But whilst I contend for these propositions, I do not exclude myself from asserting, that there may be, and that there are, other cases, in which, although we cannot exhibit mechanism, or prove indeed that mechanism is employed, we want not sufficient evidence to conduct us to the same conclusion.

There is what may be called the chymical part of our frame; of which, by reason of the imperfection of our chymistry, we can attain to no distinct knowledge; I mean, not to a knowledge, either in degree or kind, similar to that which we possess of the mechanical part of our frame. It does not, therefore, afford the same species of argument as that which mechanism affords; and yet it may afford an argument in a high degree satisfactory. The gastric juice, or the liquor which digests the food in the stomachs of animals, is of this class. Of all menstrua, it is the most active, the most universal. In the human stomach, for instance, consider what a variety of strange substances, and how widely different from one another, it, in a few hours, reduces to a uniform pulp, milk, or mucilage. It seizes upon every thing, it dissolves the texture of almost every thing that comes in its way. The flesh of perhaps all animals; the seeds and fruits of the greatest number of plants; the roots, and stalks, and leaves of many, hard and tough as they are, yield to its powerful pervasion. The change wrought by it is different from any chymical solution which we can produce, or with

which we are acquainted, in this respect as well as many others, that, in our chymistry, particularly menstrua act only upon particular substances. Consider moreover that this fluid, stronger in its operation than a caustic alkali or mineral acid, than red precipitate, or aqua-fortis itself, is nevertheless as mild, and bland, and inoffensive to the touch or taste, as saliva or gum-water, which it much resembles. Consider, I say, these several properties of the digestive organ, and of the juice with which it is supplied, or rather with which it is made to supply itself, and you will confess it to be entitled to a name, which it has sometimes received, that of "the chymical wonder of animal nature."

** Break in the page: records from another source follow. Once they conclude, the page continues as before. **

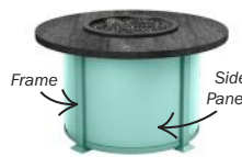
4. PICK A FIRE TABLE BASE COLOR (ex. Carbon)
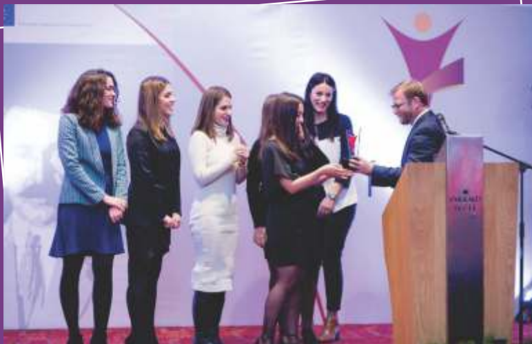
FIQ awarded the national prize for philanthropic contributions – “Hasan Prishtina” to Girls Coding Kosova
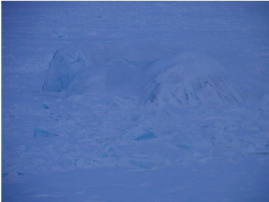
Figure 3. Capsized iceberg (East of Svalbard), seen from the bridge

When sailing in ice a marked level stick attached on deck is helpful for estimating the ice thickness. The distance between the marks must be adapted to the location of the stick above the waterline and the observer’s position on the bridge.
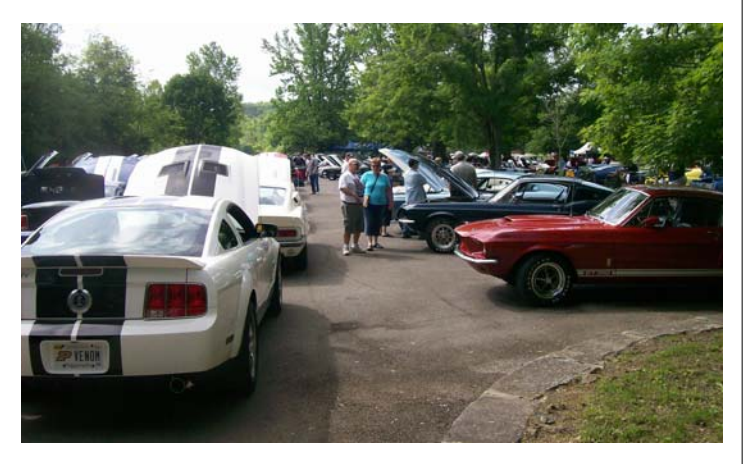
Late model and Early Model Shelby's parked near one another.
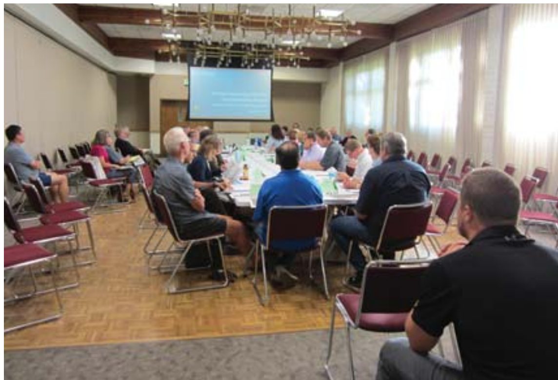
Moraga Center Specific Plan Citizen Advisory Committee Meeting No. 2
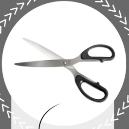
Scissors and Tweezers
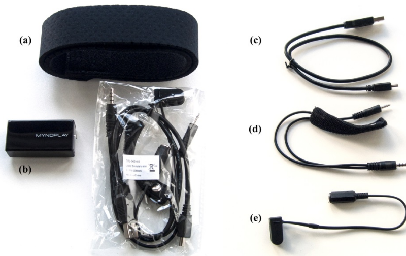
Fig. 2. The components of the MyndPlay BrainBandXL EEG Headset: (a) the headband on which the rest of the components are attached, (b) the unit that transmits via Bluetooth the EEG data to the computer, (c) the USB cable for charging the unit, (d) the two dry sensors attached to a soft material similar to the one used for the headband, and (e) the ear clip with the grounding electrode for the ear lobe.

frequency, which corresponds to the delta band, is rejected, in order to suppress low pass noise, electrooculographic (EOG) and electrocardiographic (ECG) artifacts (artifacts deriving from the movements of the eyes and the cardiac muscle respectively). Also the 40Hz and above frequencies are rejected, in order to suppress electromyographic (EMG) artifacts from the body muscle movements, high pass and line noise from electrical devices in the proximity of the performer/s and the participating spectator/s. The processing continues with static and moving average filters in order to compute and output at any given time the power of each selected frequency band and in this way to identify the predominant one. The processed EEG data of each participant are being recorded, not only as documentation of the performer/s' and the participating spectator/s' brain-activity, but also in order to be analysed off line after the performance and compare them with related studies in a lab environment.
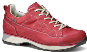
WOMAN A38029 00 A89715 gerbera

Still we are ignorant of the composition of this fluid, and of the mode of its action; by which is meant that we are not capable, as we are in the mechanical part of our frame, of collating it with the operations of art. And this I call the imperfection of our chymistry; for, should the time ever arrive, which is not perhaps to be despaired of, when we can compound ingredients, so as to form a solvent which will act in the manner in which the gastric juice acts, we may be able to ascertain the chymical principles upon which its efficacy depends, as well as from what part, and by what concoction, in the human body, these principles are generated and derived.

In the mean time, ought that, which is in truth the defect of our chymistry, to hinder us from acquiescing in the inference, which a production of nature, by its place, its properties, its action, its surprising efficacy, its invaluable use, authorizes us to draw in respect of a creative design?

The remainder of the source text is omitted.